SARS-CoV-2 has evolved to produce new variants causing successive waves of infection. Currently, six variants are being monitored by the World Health Organization that are replacing BA.5. These include BF.7 (BA.5 + R346T in spike), BQ.1 (and BQ.1.1, with BA.5 + R346T, K444T, N460K mutations in spike), BA.2.75 (including BA.2.75.2 and CH.1.1), and XBB (including XBB.1.5). BQ.1 and XBB variants are more immune evasive and have spread quickly throughout the world.
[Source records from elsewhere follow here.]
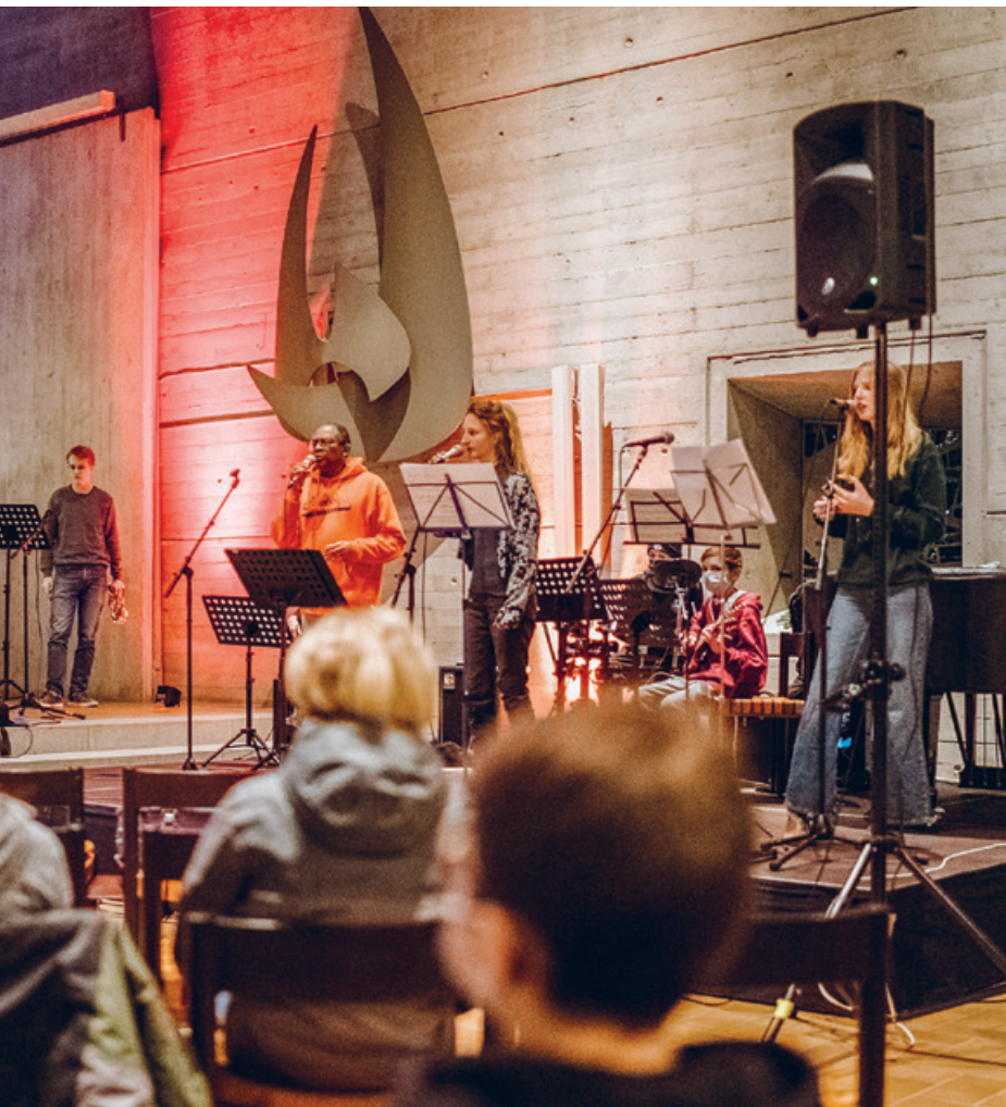
den Wünsche im Zentrum.
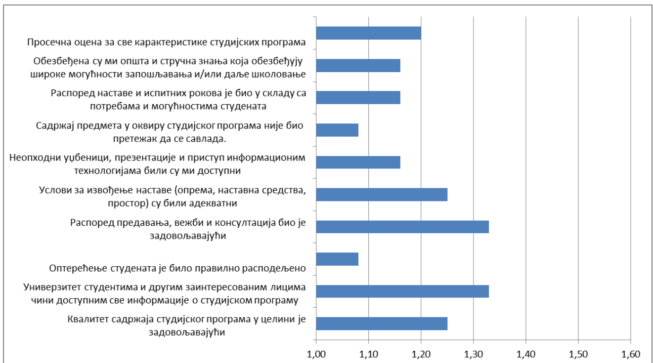
Графикон 1. Оцене квалитета студијских програма на ДУНП.
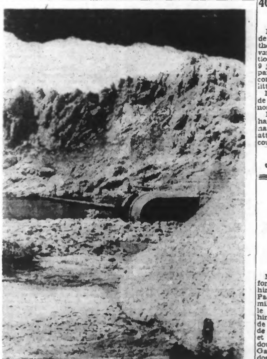
Logées dans les rochers de la côte de la Méditerranée, les batteries allemandes sont prêtes, dès l'alarme à entrer en action.
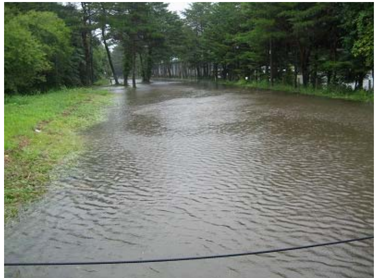
写真4 冠水した道路の状況
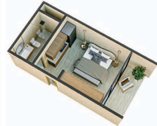
Studio Jungle View
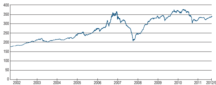
百利達亞洲可換股債券基金過去十年淨值走勢
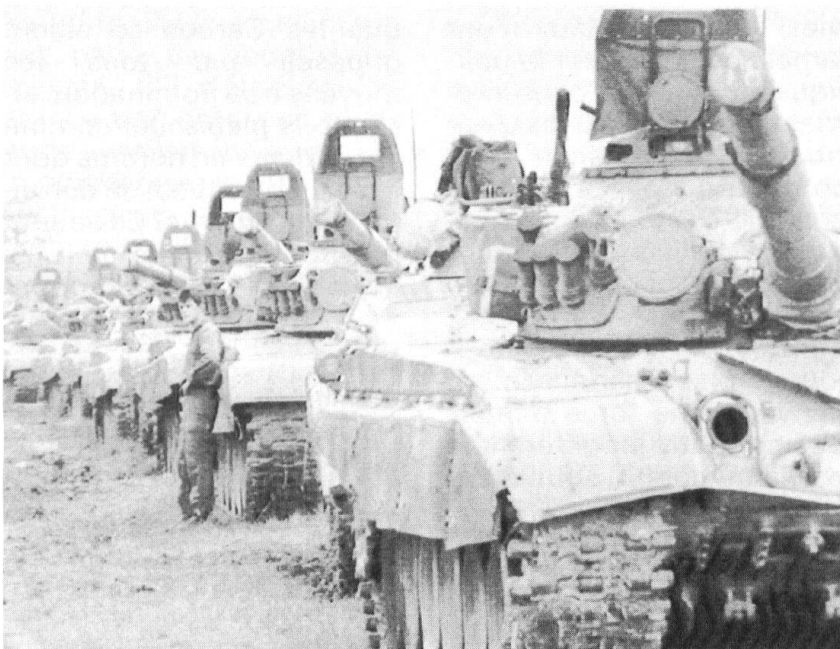
L'armée fédérale a pris position à Sremska Mitrovica, en Serbie, pour s'interposer entre les milices croates et serbes. Tâche pour le moins délicate.

Mais surtout, c'est la nature de l'« armée populaire yougoslave », selon la terminologie officielle, qui est en cause ici. En effet, contrairement à ce qui est généralement dit, même si la littérature sur le sujet est très réduite, il ne s'agit pas d'une armée comparable aux armées classiques, en particulier au niveau de la discipline. Il s'agit d'une armée segmentée, dans laquelle l'idéologie marxiste de type autogestionnaire qui servait de ciment n'existe plus, dont les structures organisationnelles très complexes 8 se sont effondrées à la suite de

Concerning the potential severity of infections caused by these variants, the present study describes the clinical characteristics and outcomes of these major variants in Maharashtra.

Methodology

A total of 1,141 reverse transcriptase-polymerase chain reaction (RT-PCR)-positive SARS-CoV-2 samples, with a cycle threshold (Ct) value of less than 25, were processed for SARS-CoV-2 whole genome sequencing between July 10, 2022, and January 12, 2023. All corresponding demographic and clinical data were recorded and analyzed using Microsoft® Excel and Epi Info™.

Results

Out of the 1,141 samples sequenced, BA.2.75* (63.78%) was the predominant Omicron variant, followed by the XBB* (18.88%), BA.2.38* (4.94%), BA.5* (4.06%), BA.2.10* (3.51%), and BQ.1* (1.65%). A total of 540 cases were contacted telephonically, of whom 494 (91.48%) were symptomatic with mild symptoms. Fever (77.73%) was the most common symptom, followed by cold (47.98%), cough (42.31%), and myalgia and fatigue (18.83%). Of the 540 cases, 414 (76.67%) cases recovered at home, and 126 (23.33%) were institutionally quarantined/hospitalized. Among the home-isolated and hospitalized cases, 416 (99.76%) and 108 (87.80%), respectively, recovered with symptomatic treatment, while one (0.24%) and 15 (12.20%), respectively, succumbed to the disease. Out of the 540 cases, 491 (90.93%) were vaccinated with at least one dose of the COVID-19 vaccine, 41 (7.59%) were unvaccinated, and for eight (1.48%) cases, vaccination data was not available.

Conclusions

The current study indicates that the XBB* variant is causing mild disease in India. However, as XBB* possesses both immune-escape and infectivity-enhancing mutations, it has the potential to spread to other parts of the world rapidly. Further, anti-SARS-CoV-2 vaccination improves survival rates in COVID-19.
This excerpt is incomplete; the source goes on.